= DEMIRA =

German non-governmental organization

DEMIRA, or DEMIRA Deutsche Minenräumer e.V. (German mine clearers), is an international, humanitarian, non-governmental organization (NGO) registered in Germany. DEMIRA was founded in 1995 in order to provide humanitarian mine clearance, EOD (explosive ordnance disposal), as well as emergency medical aid and disaster relief to people living in postwar countries, and to victims of natural disasters and civil unrest.

== History ==

DEMIRA Deutsche Minenräumer e.V. was founded in 1995 by Martin Auracher.

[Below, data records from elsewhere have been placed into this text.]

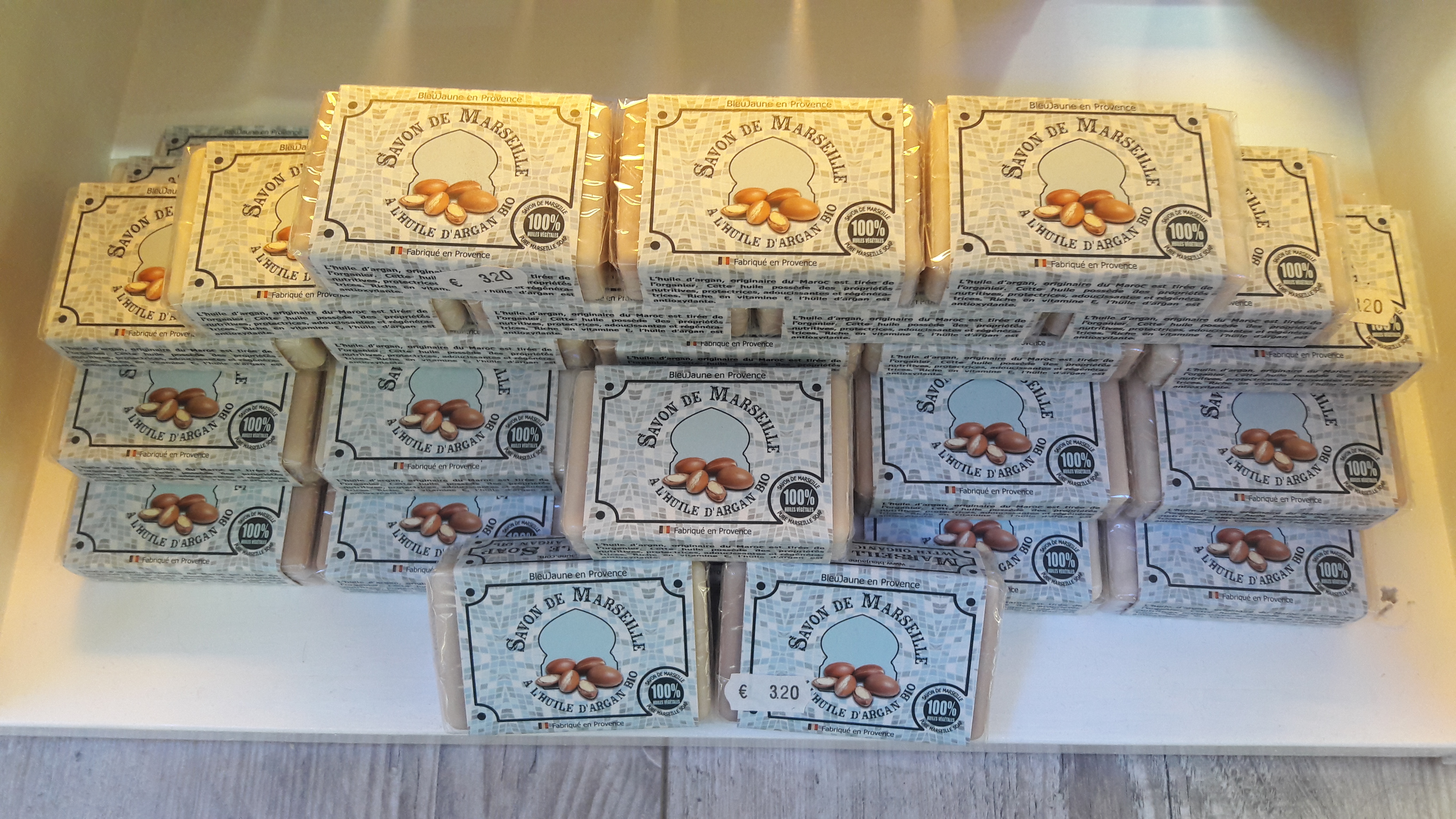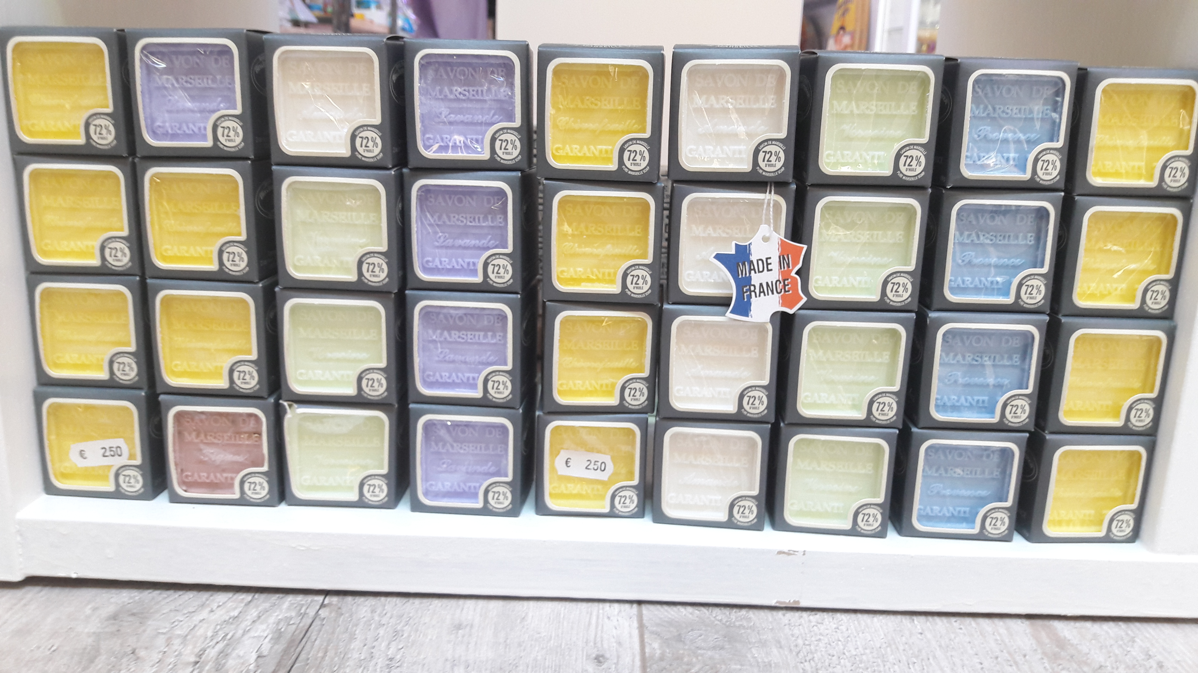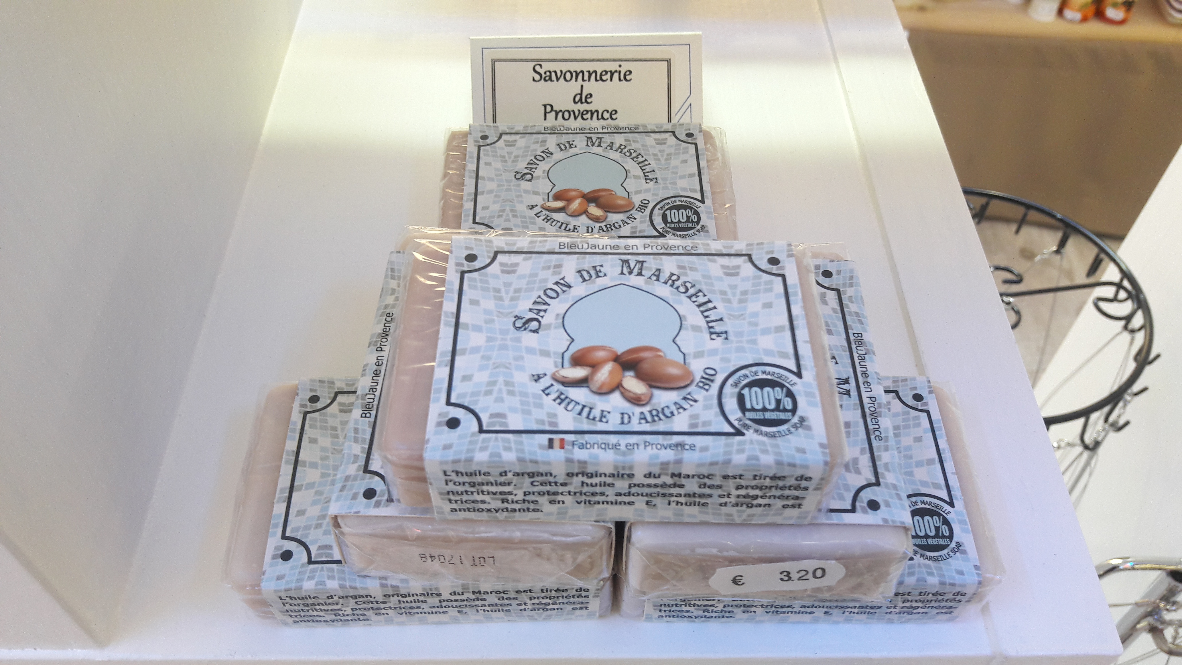 - la très connue Savonnette de Marseille, un rectangle de 100g
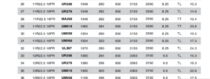 - Chỉ số tải trọng tốc độ: 148/145L – 3550 Kg/bánh đơn, 3100 Kg/bánh đôi.
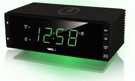 BV-433GKQ BVItech настольные часы с бесконтактной зарядкой для телефона. Декоративная подсветка делает дизайн данных часов модным и стильным. Резервное питание предназначено только для продолжения отсчета времени, когда отсутствует электричество, при этом цифры светиться не будут.
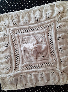 The pattern consists of four leaves in the centre of each square. Then there are a few ridges of open work and ridges of purl knitting, and the squares are bordered by a row of leaves. Knitting Cotton No. 10, and two needles.
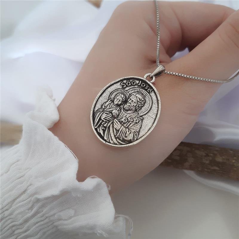 Pingente Prata 925 legítima em bali. Medalha Religiosa de Santo, 3 cm com estampa de São José com menino Jesus em alto relevo, borda lisa, parte oposta com frase "Rogai por Nós" e uma rosa em baixo relevo e fundo texturizado.Medidas
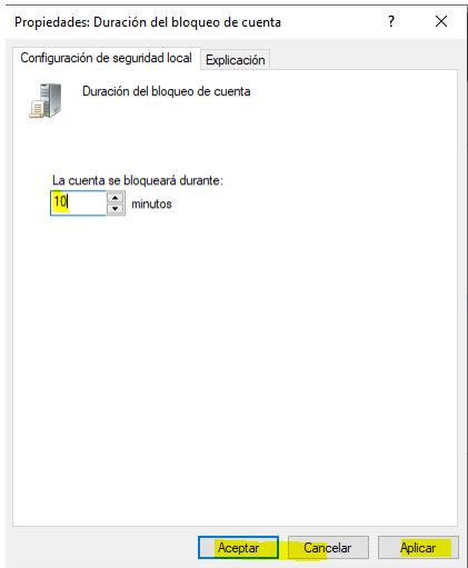 Ve a Directiva de bloqueo de cuenta. Configura:
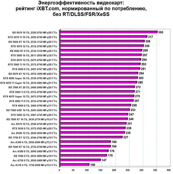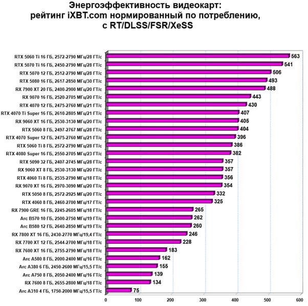Если посмотреть на энергоэффективность, то в классических играх Radeon RX 9060 XT (8 ГБ) оказался на пятом месте. Однако в играх с RT/DLSS/FSR/XeSS из-за более высокой производительности у конкурентов Radeon RX 9060 XT (8 ГБ) находится в середине списка.

The headquarters were based in Munich until his death in 2016. In 2017, Marcia Auracher-Hamzat became executive director of DEMIRA e.V.. The headquarters are located in Sauerlach, Germany.

== Operations ==

DEMIRA has carried out:

- Humanitarian mine clearance, EOD and destruction of unexploded ordnance (UXO) in Angola, Mozambique, Namibia, and Bosnia & Herzegovina.
- Provided emergency medical aid and disaster relief after the tsunami in Sri Lanka, in the earthquake region of Kashmir / Pakistan, during the conflict in Lebanon, in the earthquake region in Java / Indonesia and in the Tohoku region in Japan after it was hit by a tsunami.
- Carried out minefield surveys and assessments in Somaliland, Lebanon, Croatia, Serbia and in Turkey.
- Conducted research and development of multi-sensor technology and mechanical mine clearance in cooperation with the Research Centre of the European Commission in Ispra / Italy, FOERSTER Reutlingen, TNO Netherlands and EMRAD England.